I began to go out with my girlfriends Wednesday nights and that didn’t make him happy. “What do you talk about?”, he said. “Just about ourselves and what we’re doing,” I answered. “I’ve known these women a long time.”
His lobbying junkets became extended absences. I’d get with my girlfriends Friday nights. Saturdays I’d do club paddles without him.
Humboldt stopped pretending to like Vietnamese food.
We couldn’t watch the news together or even hear the same radio. We no longer read the Sunday paper at the table. Humboldt streamed talk programs to stay current.
He began making remarks when I mentioned women candidates.
We each ate instead of loving. Humboldt suggested we sell the tandem kayak.
Early on we joked about children’s names. We’re water people. We tried to come up with names for daughters, named after beaches. Myrtle of course. Shi Shi, Waikiki. A biblical-sounding name, Rehobeth. If we had a boy we’d name him Big Sur. Children’s names from rivers were just too easy, Issippi – a girl, St. Johns – a saint, so we confined ourselves to Canada. Skeena, Kootenay, Babine, Morice. Ultimately he fixed on “Zymoetz” whether a boy or a girl, and I realized it wasn’t a joke. We shelved the whole concept.
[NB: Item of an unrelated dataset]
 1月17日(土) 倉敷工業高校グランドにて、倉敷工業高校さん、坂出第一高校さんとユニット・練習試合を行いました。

In the front seats going to dinner every time: “Where do you want to eat?” “I don’t know, where you want to eat?” Then more time in the driveway, shooting down each other’s suggestions. Driving to the Italian place we were both tired of, ‘because it’s quick’.
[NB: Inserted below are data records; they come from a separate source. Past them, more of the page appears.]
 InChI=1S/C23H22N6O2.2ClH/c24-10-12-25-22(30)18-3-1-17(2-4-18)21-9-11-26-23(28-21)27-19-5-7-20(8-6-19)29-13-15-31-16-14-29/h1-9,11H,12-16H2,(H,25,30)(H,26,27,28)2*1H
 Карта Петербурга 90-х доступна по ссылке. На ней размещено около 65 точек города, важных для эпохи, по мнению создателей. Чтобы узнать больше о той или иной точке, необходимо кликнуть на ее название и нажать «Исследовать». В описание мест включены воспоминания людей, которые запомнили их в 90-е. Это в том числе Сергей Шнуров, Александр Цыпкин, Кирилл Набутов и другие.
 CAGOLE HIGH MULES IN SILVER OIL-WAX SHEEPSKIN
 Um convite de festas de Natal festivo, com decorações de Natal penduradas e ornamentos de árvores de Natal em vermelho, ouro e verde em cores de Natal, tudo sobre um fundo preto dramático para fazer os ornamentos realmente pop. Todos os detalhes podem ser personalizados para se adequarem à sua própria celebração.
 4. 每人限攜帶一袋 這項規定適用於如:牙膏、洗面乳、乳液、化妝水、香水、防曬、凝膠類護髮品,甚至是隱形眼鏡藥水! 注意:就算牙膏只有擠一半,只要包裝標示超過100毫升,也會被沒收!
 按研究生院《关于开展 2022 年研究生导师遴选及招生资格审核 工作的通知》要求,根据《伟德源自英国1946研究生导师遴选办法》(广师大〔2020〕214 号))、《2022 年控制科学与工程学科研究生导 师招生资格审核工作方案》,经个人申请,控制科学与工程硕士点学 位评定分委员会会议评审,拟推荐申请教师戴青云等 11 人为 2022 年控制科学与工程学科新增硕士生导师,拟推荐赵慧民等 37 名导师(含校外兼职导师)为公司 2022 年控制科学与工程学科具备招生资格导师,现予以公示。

Therapy, therapy. If what one says to the other doesn’t matter.
My events with the children and their parents, Humboldt’s events with the undertakers. Begging off, each of us. Others: “I didn’t know you were married!”
We both felt it was near the end.
Humboldt came up with what he called the “Hail Mary Pass”. Humboldt had always wanted to go to Newfoundland. Rivers and brooks in Newfoundland that seem relevant to broken relationships: Half Moon, Old Woman, Bald Head, Piper’s Hole, Famine and Burnt Island.
I thought yes to Newfoundland. We’ll go to Newfoundland, a driving vacation on the Atlantic coast. Newfoundland was for us virgin territory. Newfoundland away from the US national politics, loss of parents, same old restaurants, workplace pressures, supportive girlfriends, being stopped at a traffic light with the wipers going frenetically.
I said yes, yes and arranged for a substitute. Then everything was all Newfoundland.
We flew up laboriously to St. John’s, the provincial capital. One hundred and ten thousand people, roughly the population of our neighborhood. In “Hail Mary” thinking, one hundred and ten thousand deliriously happy people. In our rental car, getting out of the city, we were stopped at a traffic light.
Humboldt did the driving up the cold coast. We went the long way round but were headed for Happy Valley/Goose Bay, then Fogo Island. We had nothing to talk about. We rode along for miles with the Atlantic out my closed window. Though together a long time I now felt awkward. I took photos out my window. A flat iceberg floating out there in a grey ocean.
We knew what we had to do when we got back, and we did it.
I go to movies I like with my friends and we have big laughing dinners. I feel stable in clubby Saturday paddles. My children, named by other people, are my children after all, growing up. I got a Labrador.
Humboldt moved to Minnesota, lobbies for farm-raised turkeys. Lakes in Minnesota that may be relevant, for all I know: Superior, Bad Axe, Bachelor, Hanging Horn, Embarrass Mine Pit, Winnibigoshish.